Following the baptisms, the new Christians return to their homes and come back with their wives and families to be in their turn prepared for baptism. After all had been baptised, I order that the temples of the false Gods be pulled down and idols broken. I know not how to describe in words the joy I feel before the spectacle of pulling down and destroying the idols by the very people who formerly worshipped them.

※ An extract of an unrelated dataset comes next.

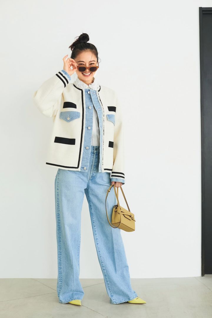 寒暖差のある季節にはジャケットあると安心。ラフ感のあるワイドパンツとフォーマル感のあるツイードジャケットはデニムコンビで統一感を。暗くなりがちな冬でも、パステルイエローのパンプスを差し色にして華やかさアップ。

Everyone who came in contact with Xavier seems to have agreed that he was a saint. Men might disagree with him; but in all the extensive records there is not a single word that runs contrary to the general verdict as to his saintliness. There are many references to the long hours that he spent in prayer and in rapt contemplation of his Lord. He disclaimed anything in the way of miraculous powers; in his devotions there was nothing that could be called mystical in any strict sense of that term. He seems to have followed the broad lines of medieval devotional practice, profoundly influenced by the Spiritual Exercises of his master Ignatius. Xavier, like Ignatius, was in all things a medieval man, untouched by any of the new currents of thought in theology or in the daily affairs of life. It is probable that, in the ten years of his sojourn in the East, he never possessed a Bible or even a New Testament. Apart from his breviary and his missal, his sole companion seems to have been the work of Marcus Marulus, Opus de religiose vivendi institutione, a thick book of 680 pages, published at Cologne in 1531. He seems rarely to have based his discourses directly on the Bible...

Almost from the time of Xavier's actual presence on the Coast, the work of legend-building began, and it came to be firmly believed that he possessed miraculous powers, which extended even to the raising of the dead. Xavier never made such extravagant claims for himself.

To a considerable extent the shape of Xavier's missionary work was determined by this threefold authority. Personally the most modest of men, his imagination was fired by the progress of Portuguese discovery and by the thought of lands and empires to be brought within the kingdom of Christ. He had not gone out to be the supervisor of a little handful of Jesuits in a small corner of India. His own temperament may have been restless; but there is a certain magnificence in a restlessness which led him to contain within a single glance India and the Moluccas, Japan, and, even beyond Japan, China.